For generation of YFPopt, we performed the following amino acid exchanges in GFPopt: T65G, V68L, S72A, and T203Y (Fig. 1). Although we incorporated all amino acids crucial for a red-shifted fluorescence, our yfpopt is based on gfpopt, therefore resulting in an aberrant amino acid sequence that is not identical to that of Clontech's YFP. By codon optimization, we were able to reduce the number of unfavorable codons in yfpopt to 22% (Table 3), in comparison to 89% in yfp.

To design the photoactivatable PAGFP, we initially converted the enhanced GFPopt, having F64L and S65T exchanges that cause loss of the major 397-nm peak in the GFPmut1 emission spectrum (11), back to the original wild-type GFP. A V163A exchange needed for high expression at 37°C (40) was incorporated, as well as the crucial exchange required for photoactivation, T203H (31) (Fig. 1). As for yfpopt, the valine at position 2 of the PAGFP protein was not included in the codon-optimized gene.
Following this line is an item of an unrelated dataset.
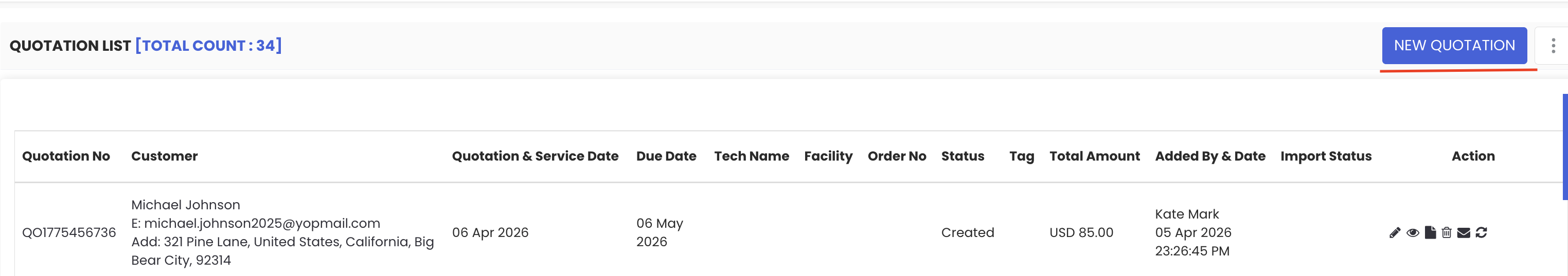Once all details are filled in, click "Save" to create the quotation. The quotation will be saved and appear in the quotation listing page.

However, in comparison to the nonoptimized pagfp, we were able to lower the GC content from 94% to 22% in pagfpopt (Table 3), incorporating 225 nucleotide exchanges with respect to gfpmut1.

Cloning and expression of FPs in B. anthracis.

For evaluating protein expression of the unmodified and codon-optimized FPs, we cloned gfpmut1, gfpopt, cfp, cfpopt, yfpopt, and pagfpopt into the gram-positive/E. coli shuttle vector pSW4 (32), a derivative of pSJ115 that allows expression of proteins under the control of the pagA promoter of B. anthracis. PA of B. anthracis is the moiety of the anthrax lethal toxin and edema toxin which binds to the eukaryotic cell membrane, using receptors CMG2 and TEM8 (6, 39). This bacterial protein is highly expressed during vegetative growth of bacteria, and consequently its promoter was a promising choice for expression of extrinsic proteins in B. anthracis. Furthermore, it has been previously demonstrated that this plasmid is highly suitable for expression of lethal factor of B. anthracis (30) and for the Bacillus cereus regulator PlcR in B. anthracis (32). We found that when using LB broth, expression occurs even in the absence of bicarbonate. The resulting plasmids pSW4-GFPmut1, etc. (Table 1), were partially sequenced to verify accuracy of the genes and promoter regions and electroporated into B. anthracis Ames 33, a strain devoid of both virulence plasmids, pXO1 and pXO2 (32).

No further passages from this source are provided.